- Try it:
Each entry should be duplicated verbatim; its pictures should not be.
** Records to process follows **
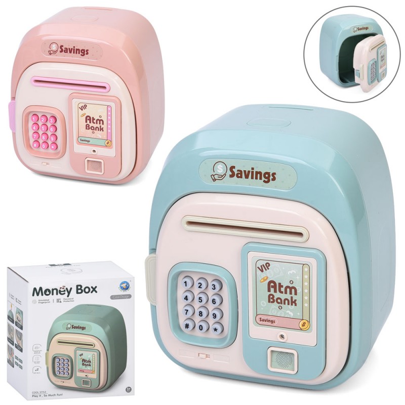 Скарбничка MK 5726 сейф з кодом,19-16-13см,затягує купюри,відбиток,муз.,звук,2 кольори,на бат.,в кор
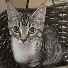 The perfect age, still full of kitten energy but already learning how to be a loving companion. Navi would do well as solo cat or with a feline friend.
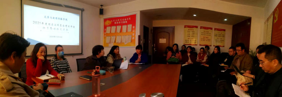 11月12日下午,我院在学院会议室召开2021年度国家社科基金项目申报动员暨经验交流会。院长孙丽君出席会议并做动员讲话,中文系李秀花教授、文化产业管理系主任李军红教授、新闻系主任郑燕副教授,院长孙丽君教授依次发言分享申报经验。学院拟申报2021年度国家社科基金项目教师参加会议。会议由通识教学部主任、院长助理王丽霞主持。
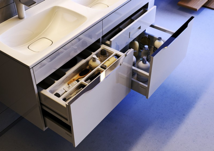 - В соответствии с зонами умывальников тумба оборудована 2 ящиками полного выдвижения и системой закрывания
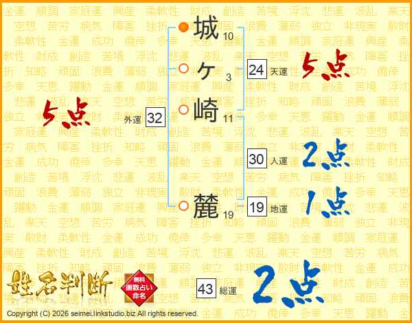 城ヶ崎麓さんの総運は43画の2点!
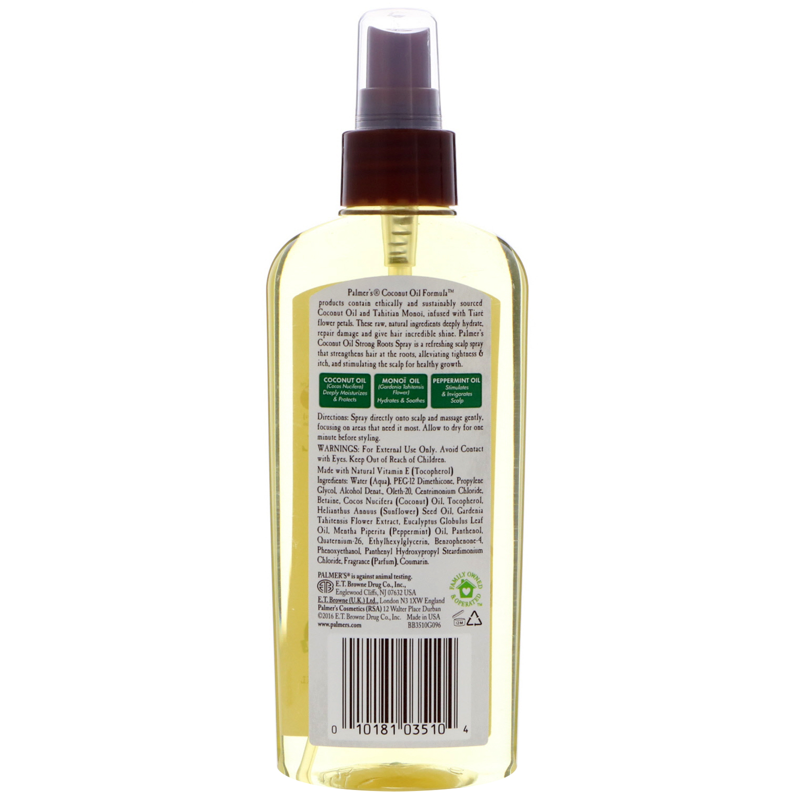 Os produtos com a fórmula de óleo de coco da Palmer contêm óleo de coco e monoi do Taiti colhidos de forma ética e sustentável, em conjunto com pétalas de flores de Tiaré. Esses ingredientes puros e naturais hidratam profundamente, reparam danos e dão ao cabelo um brilho incrível. O forte spray para raízes da Palmer é um refrescante spray para o couro cabeludo, que fortalece os cabelos nas raízes, aliviando a impermeabilidade e a coceira e estimulando o escalpo para promover o crescimento saudável.
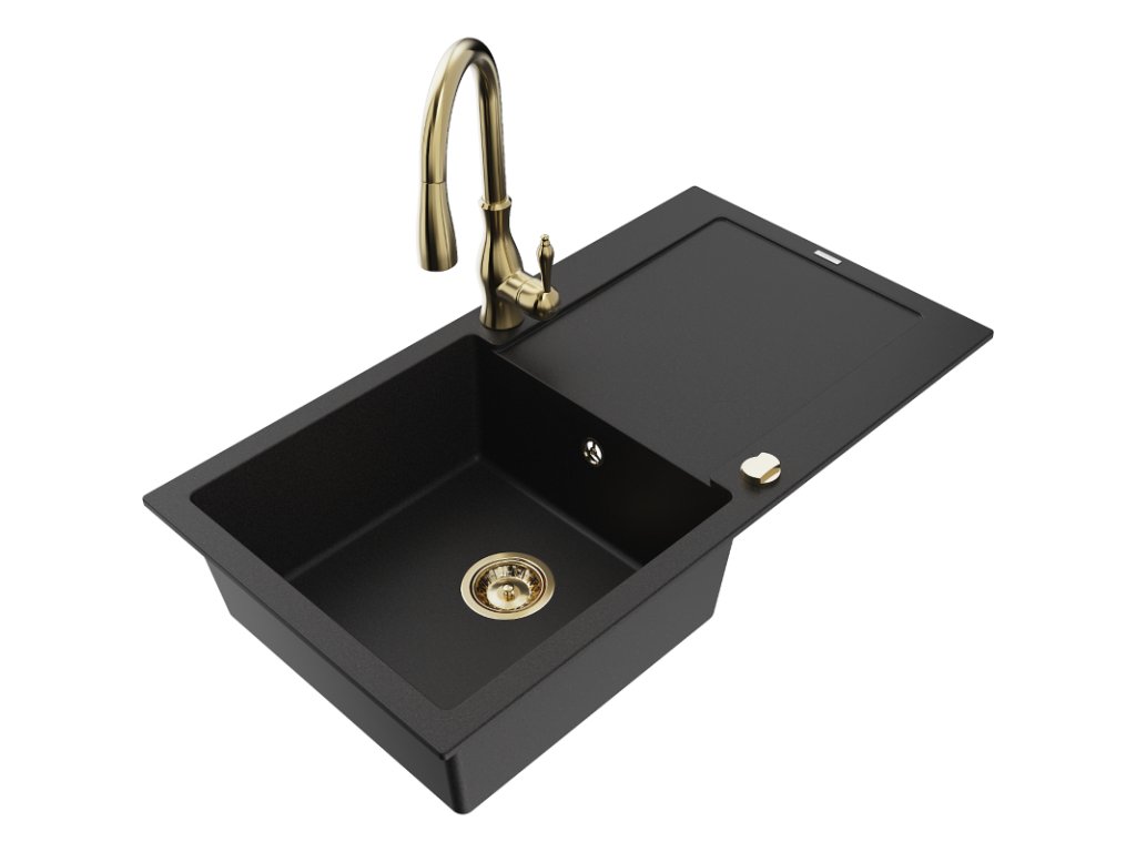 Granitový drez Mexen Leo s 1 misou, odkapávačom a batériou Savita, čierny - 6501-77-672601-50
** End of Records to process **
- Exercise solution:
 Скарбничка MK 5726 сейф з кодом,19-16-13см,затягує купюри,відбиток,муз.,звук,2 кольори,на бат.,в кор
 The perfect age, still full of kitten energy but already learning how to be a loving companion. Navi would do well as solo cat or with a feline friend.
 11月12日下午,我院在学院会议室召开2021年度国家社科基金项目申报动员暨经验交流会。院长孙丽君出席会议并做动员讲话,中文系李秀花教授、文化产业管理系主任李军红教授、新闻系主任郑燕副教授,院长孙丽君教授依次发言分享申报经验。学院拟申报2021年度国家社科基金项目教师参加会议。会议由通识教学部主任、院长助理王丽霞主持。
 - В соответствии с зонами умывальников тумба оборудована 2 ящиками полного выдвижения и системой закрывания
 城ヶ崎麓さんの総運は43画の2点!
 Os produtos com a fórmula de óleo de coco da Palmer contêm óleo de coco e monoi do Taiti colhidos de forma ética e sustentável, em conjunto com pétalas de flores de Tiaré. Esses ingredientes puros e naturais hidratam profundamente, reparam danos e dão ao cabelo um brilho incrível. O forte spray para raízes da Palmer é um refrescante spray para o couro cabeludo, que fortalece os cabelos nas raízes, aliviando a impermeabilidade e a coceira e estimulando o escalpo para promover o crescimento saudável.
 Granitový drez Mexen Leo s 1 misou, odkapávačom a batériou Savita, čierny - 6501-77-672601-50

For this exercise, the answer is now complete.